Öğrencilerin bir araya gelmesini konuşurken sahip çıkılan yılbaşı ağacının nasıl bir anlam taşıdığını ve buna nasıl baktıklarını da konuşmamız gerekir. Çünkü sıra arkadaşlarımızın çoğu hatta okul kulüpleri bunu apolitik eylem olarak adlandırmıştı. Hatta bunun için okuldaki hiçbir siyasi grubun orada slogan, bayrak, söylem taşımaması gerektiği şartını koşmuşlardı. Onlara göre böyle yaparsak direnişimiz, bir anda bir hâl alarak asıl gündeminden uzaklaşacak, “solcuların” sahip çıktığı bir mesele gibi gözükecek ve düşmanlaştırılacak. Hâlbuki elini kolunu sallayarak okula girip İslamcı yürüyüş düzenleyenlere, Rektörün Ülkü Ocakları Başkanının ziyaretini normal görerek paylaşanlara, AKP milletvekilini çağırarak öğrencilerle buluşturanlara karşı durmak apaçık bir politik duruşu gerektirir. Karşımızdakilerin siyaseti okul içine soktuğu bu durumlarda bile, öğrenci arkadaşlarımızın düşmanlaştırılma korkusuyla apolitikleşmesi ülkenin genel durumuna dair bir fikir veriyor. Sosyalistlerin yanlarında yer almalarının kendilerini gölgeleyeceğini, kendilerinin de soruna değil sosyalistlere destek vermek üzere orada bulunduğu algısına çevresindekilerinin yaklaşacağını düşünüyorlar. Bu yaklaşım, öğrenciler arasında daha ileri örgütlenmelerin gelişmesi için de engel oluşturuyor. Çünkü söz konusu olayların politik arka planlarını tartışmayan öğrenciler, iktidarın ve üniversitelerdeki temsilcilerinin arzu ettiği biçimde bir defa toplanıp ayrılmakla yetinmiş oluyorlar.

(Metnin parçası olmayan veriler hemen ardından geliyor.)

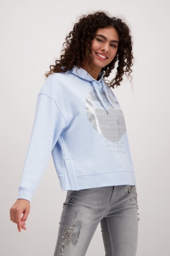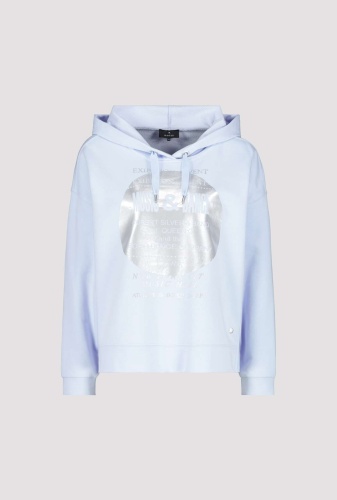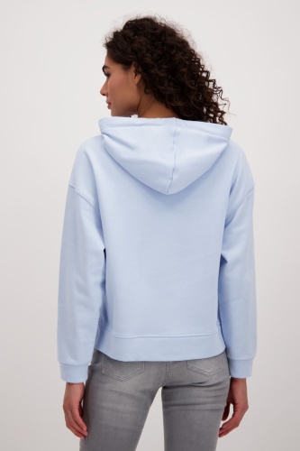 На сайте указаны российские размеры. Толстовка с длинными рукавами от monari позволяет легко создавать новые стили. Длинные рукава и подол заканчиваются широкими манжетами, а длинные боковые разрезы оснащены панелями. Форма: прямой крой, крутой капюшон с кулиской, люверсами и лентой для завязывания, широкие плечи. Передняя часть становится изюминкой благодаря большой блестящей лакированной буквенной эмблеме. Благодаря высококачественному хлопковому смесовому материалу толстовка проста в уходе и приятна на ощупь. Модель ростом 178 см. Длина спины 44 размера 60 см.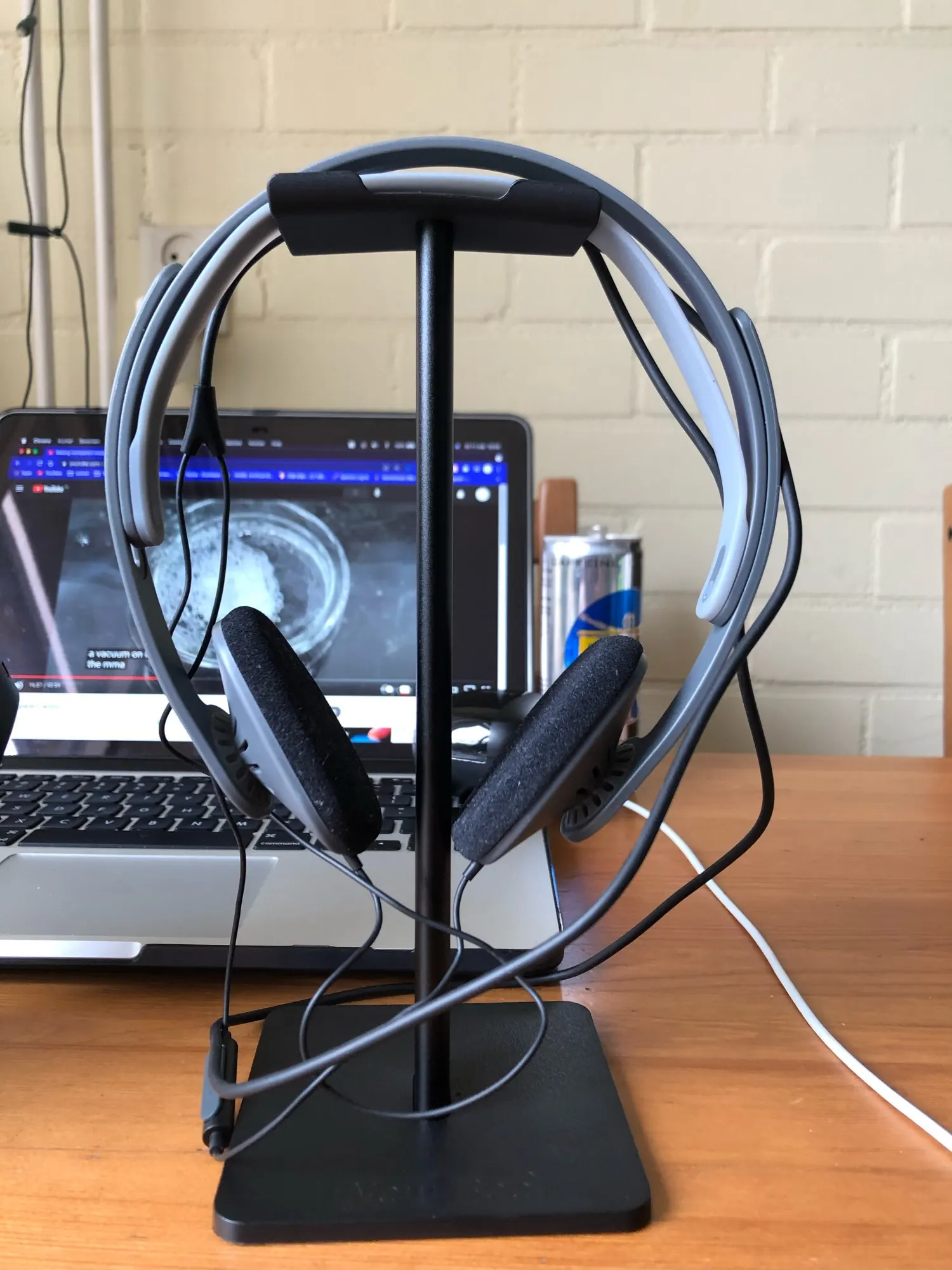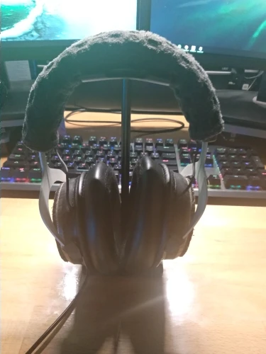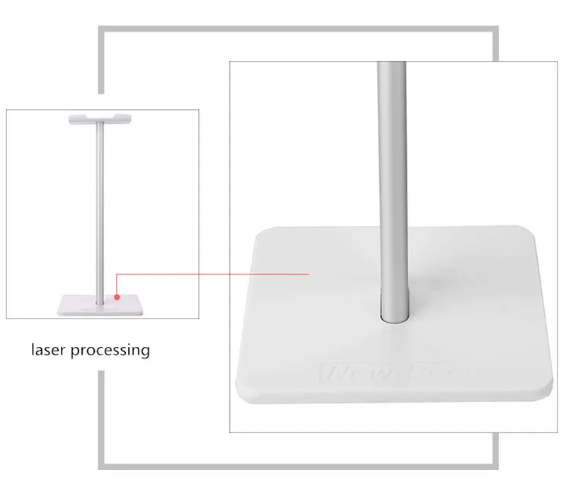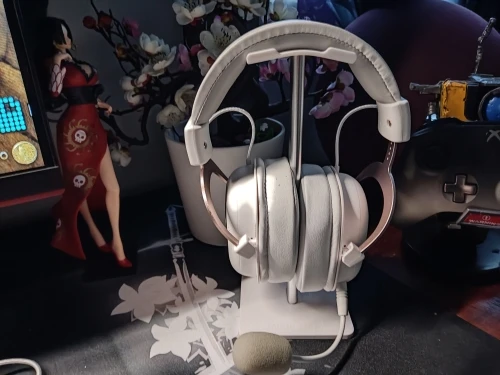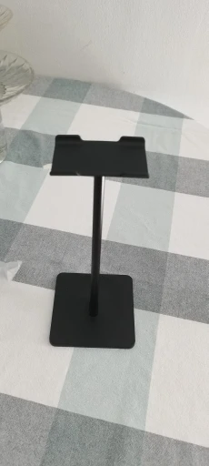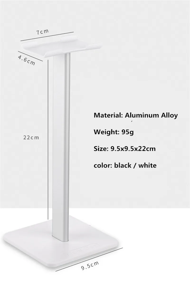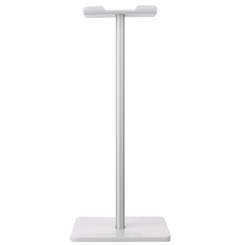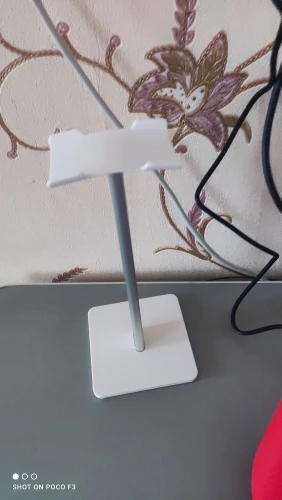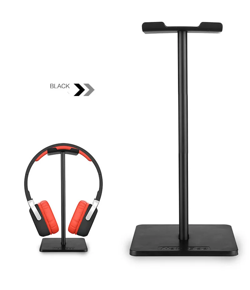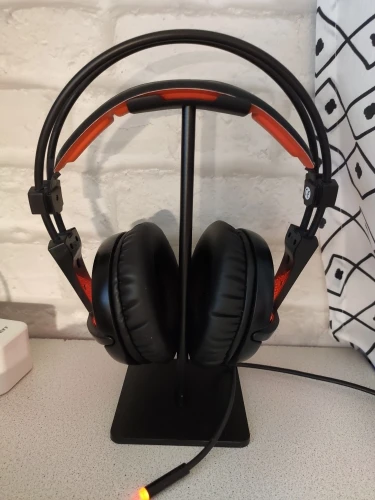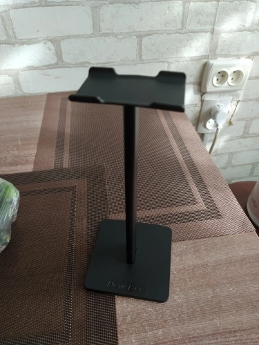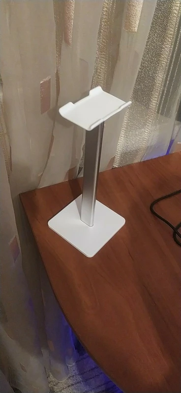 хорошая подставка, есть резиновые ножки, видно по фото, что большие наушники могут упираться в стол. верхняя планка силиконовая, гнется, середина крашеный алюминий, может скалываться краска, на подставке внизу надпись

ÖRGÜTLÜ KÖTÜLÜĞE KARŞI ÖRGÜTLÜ MÜCADELE
Bugün üniversitede bir ağacı süslemek bile politik bir mesele. Tıpkı iktidarın konser yasaklarıyla, müzik saatli kısıtlamasıyla giriştiği yaşam tarzına müdahaleyle kendi istediği dinci-gerici gençlik kuşağını yaratma istemi gibi. Bu istemin üniversite içerisindeki yansıması da tarikat ve cemaatlerin “dini-milli değerlere” aykırı gördüğü yılbaşı kutlamasına müdahale şeklinde oluyor. Bu sebeple meselenin kendisi apolitik bir yerde durduğunu düşünmek, aslında karşımızda böylesi gerici bir politika örülürken bunun karşısında sessiz kalmak anlamına geliyor. Bu sebeple bu ağacı süsleme mevzusunda da başkaca yaşadığımız sorunlarda da karşımızdaki örgütlü, ideolojik, politik müdahalenin kendisini görmek ve onun tam karşısında pozisyon almak zorundayız. Bugün bir ağacı süslemek için bile mücadele etmemiz gereken durumdayken politik bir pozisyon almadığımız her an üniversite içerisindeki yaşantımıza daha fazla müdahale gelecek ve kazanımlarımız elimizden alınmaya çalışılacak. İşte tam da bu sebeple haklarımızın, özgürlüklerimizin tarafında olmalı ve bunlara sahip çıkacak bir mücadeleyi birlikte sürdürmeliyiz.